§ **MATERIAL PROVIDED**
-- Opening Marker --

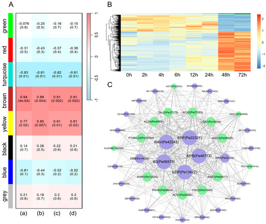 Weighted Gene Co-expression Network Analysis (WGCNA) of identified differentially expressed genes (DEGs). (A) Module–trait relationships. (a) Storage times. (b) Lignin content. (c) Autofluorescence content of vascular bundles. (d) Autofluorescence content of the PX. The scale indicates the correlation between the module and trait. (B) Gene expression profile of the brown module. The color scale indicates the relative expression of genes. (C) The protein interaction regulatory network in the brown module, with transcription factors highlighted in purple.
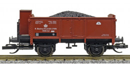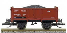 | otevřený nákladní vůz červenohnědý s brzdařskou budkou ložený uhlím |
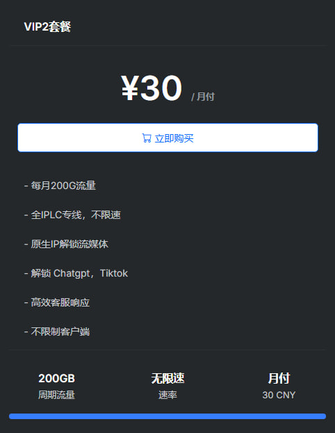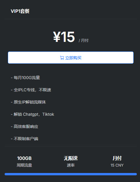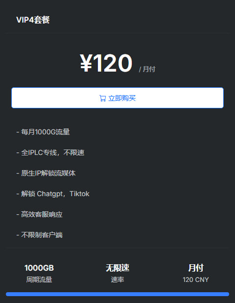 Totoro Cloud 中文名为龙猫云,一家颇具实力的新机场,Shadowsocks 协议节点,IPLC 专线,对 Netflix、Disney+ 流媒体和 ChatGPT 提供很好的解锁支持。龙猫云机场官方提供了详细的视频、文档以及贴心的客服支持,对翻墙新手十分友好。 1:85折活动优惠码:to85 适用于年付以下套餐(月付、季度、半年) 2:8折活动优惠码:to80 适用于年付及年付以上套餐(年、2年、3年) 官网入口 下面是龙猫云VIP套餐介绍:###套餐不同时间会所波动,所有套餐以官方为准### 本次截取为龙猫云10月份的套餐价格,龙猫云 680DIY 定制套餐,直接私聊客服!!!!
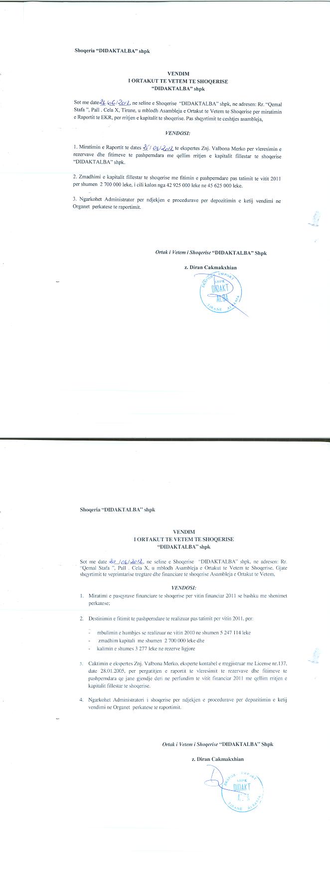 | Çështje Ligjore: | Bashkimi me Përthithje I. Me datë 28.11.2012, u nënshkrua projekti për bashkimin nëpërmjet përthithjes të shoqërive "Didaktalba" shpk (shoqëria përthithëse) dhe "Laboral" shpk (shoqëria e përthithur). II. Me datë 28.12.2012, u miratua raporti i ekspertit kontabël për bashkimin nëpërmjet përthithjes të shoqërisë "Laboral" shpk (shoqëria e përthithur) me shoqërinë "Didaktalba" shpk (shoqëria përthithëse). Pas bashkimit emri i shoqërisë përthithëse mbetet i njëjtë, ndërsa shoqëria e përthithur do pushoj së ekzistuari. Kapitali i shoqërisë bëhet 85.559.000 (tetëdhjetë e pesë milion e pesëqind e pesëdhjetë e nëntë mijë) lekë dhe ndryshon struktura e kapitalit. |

-- Closing Marker --
-- Opening Marker --

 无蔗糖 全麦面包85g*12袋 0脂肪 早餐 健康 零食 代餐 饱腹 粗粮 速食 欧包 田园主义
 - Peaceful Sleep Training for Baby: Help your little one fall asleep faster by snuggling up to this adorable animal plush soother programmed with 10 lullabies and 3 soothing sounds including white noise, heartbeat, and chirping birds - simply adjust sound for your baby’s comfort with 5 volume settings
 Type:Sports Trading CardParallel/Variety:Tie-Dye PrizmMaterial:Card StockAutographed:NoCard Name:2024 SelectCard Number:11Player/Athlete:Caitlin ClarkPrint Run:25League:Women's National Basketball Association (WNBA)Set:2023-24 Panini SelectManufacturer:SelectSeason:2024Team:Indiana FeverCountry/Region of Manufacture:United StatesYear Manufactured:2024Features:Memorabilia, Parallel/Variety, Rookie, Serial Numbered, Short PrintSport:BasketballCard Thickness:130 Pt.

-- Closing Marker --

§ **WORK REQUEST**
An exact copy is needed of the entries above, starting at the line that holds "Weighted Gene Co-expression" and stopping at the line that holds "Totoro Cloud 中文名为龙猫云,一家颇具实力的新机场,Shadowsocks", both kept; pictures stay out.

§ **ANSWER SECTION**
 Weighted Gene Co-expression Network Analysis (WGCNA) of identified differentially expressed genes (DEGs). (A) Module–trait relationships. (a) Storage times. (b) Lignin content. (c) Autofluorescence content of vascular bundles. (d) Autofluorescence content of the PX. The scale indicates the correlation between the module and trait. (B) Gene expression profile of the brown module. The color scale indicates the relative expression of genes. (C) The protein interaction regulatory network in the brown module, with transcription factors highlighted in purple.
 | otevřený nákladní vůz červenohnědý s brzdařskou budkou ložený uhlím |
 Totoro Cloud 中文名为龙猫云,一家颇具实力的新机场,Shadowsocks 协议节点,IPLC 专线,对 Netflix、Disney+ 流媒体和 ChatGPT 提供很好的解锁支持。龙猫云机场官方提供了详细的视频、文档以及贴心的客服支持,对翻墙新手十分友好。 1:85折活动优惠码:to85 适用于年付以下套餐(月付、季度、半年) 2:8折活动优惠码:to80 适用于年付及年付以上套餐(年、2年、3年) 官网入口 下面是龙猫云VIP套餐介绍:###套餐不同时间会所波动,所有套餐以官方为准### 本次截取为龙猫云10月份的套餐价格,龙猫云 680DIY 定制套餐,直接私聊客服!!!!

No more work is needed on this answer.